One thread at a time, please: dynamic thread confinement

A disciplined way to add more flexibility to the static confinement access mode is to remove the restriction that the owning thread must remain fixed for the entire life-cycle of the memory segment. This leads to an access mode where multiple threads can access the same memory segment, provided they do so one at a time. This pattern of memory access is captured in the following diagram:

Figure 2: Dynamic confinement

While the state transitions remain simple, any thread that wants to manipulate a memory segment must acquire it first. If this operation is successful, the segment goes in the acquired state, and cannot be reclaimed by a different thread - that is, the segment will act as if it was statically confined to the thread which acquired it. Once a thread has finished working with the segment, it can release it, thus making it available to other threads. Under this access mode, a memory segment can be closed only if the segment is not owned by any thread.

This access mode is more flexible than its static counterpart, and can be useful when modeling producer/consumer-like use cases; that is, one thread acquires a segment, writes to it and then releases it, possibly so that another thread can acquire the same segment and read contents from it, before releasing it again. In other words, this access mode imposes cooperation between all the threads that want access to a contended memory segment.

Off to the races: sharing memory across threads

There are cases where the restrictions put forward by either static or dynamic confinement are just too strong. Consider a one-publisher/many-subscribers use case, where one thread writes to a segment, then makes it available for multiple threads to read from it, possibly in a concurrent fashion. Or, again, consider the case of an off-heap cache, whose contents must be made available to more than just one thread at a time. In all these use cases, any form of confinement is simply too restrictive.
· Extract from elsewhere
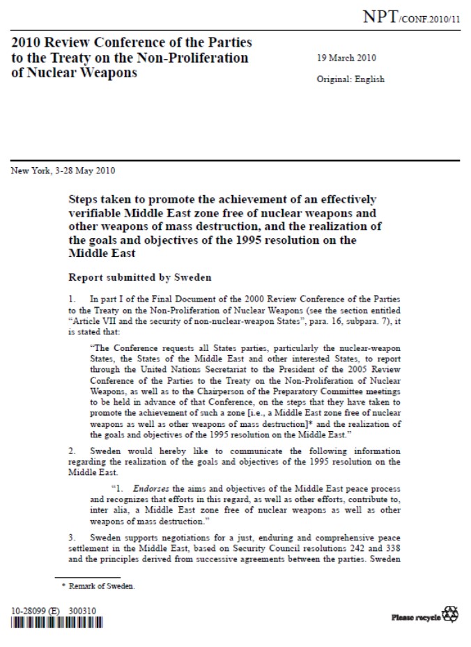 Submitted by Sweden at the 2010 NPT RevCon, this report outlines the national perspective on the creation of a Middle East Zone Free of Weapons of Mass Destruction, and on steps taken in support of implementation of the 1995 Resolution on the Middle East.

What we really want is a way to share the same memory segment across multiple threads, but do so in a way that makes it impossible for any of the thread accessing the shared memory segment to do so after the segment has already been closed by another thread. The life-cycle of a shared memory segment is shown in the diagram below:

Figure 3: Shared access

Things start to be more convoluted here; as before, a shared segment starts off in a state where it is not owned by any thread. And, as before, any thread that wants to access the segment needs to acquire it first. The important distinction is that multiple thread can acquire the same segment simultaneously. This means that, at any given point in time, a shared memory segment can have zero, one, or many owning threads. As before, a shared segment can only be closed if no thread has acquired it. This is what makes accessing a shared segment safe.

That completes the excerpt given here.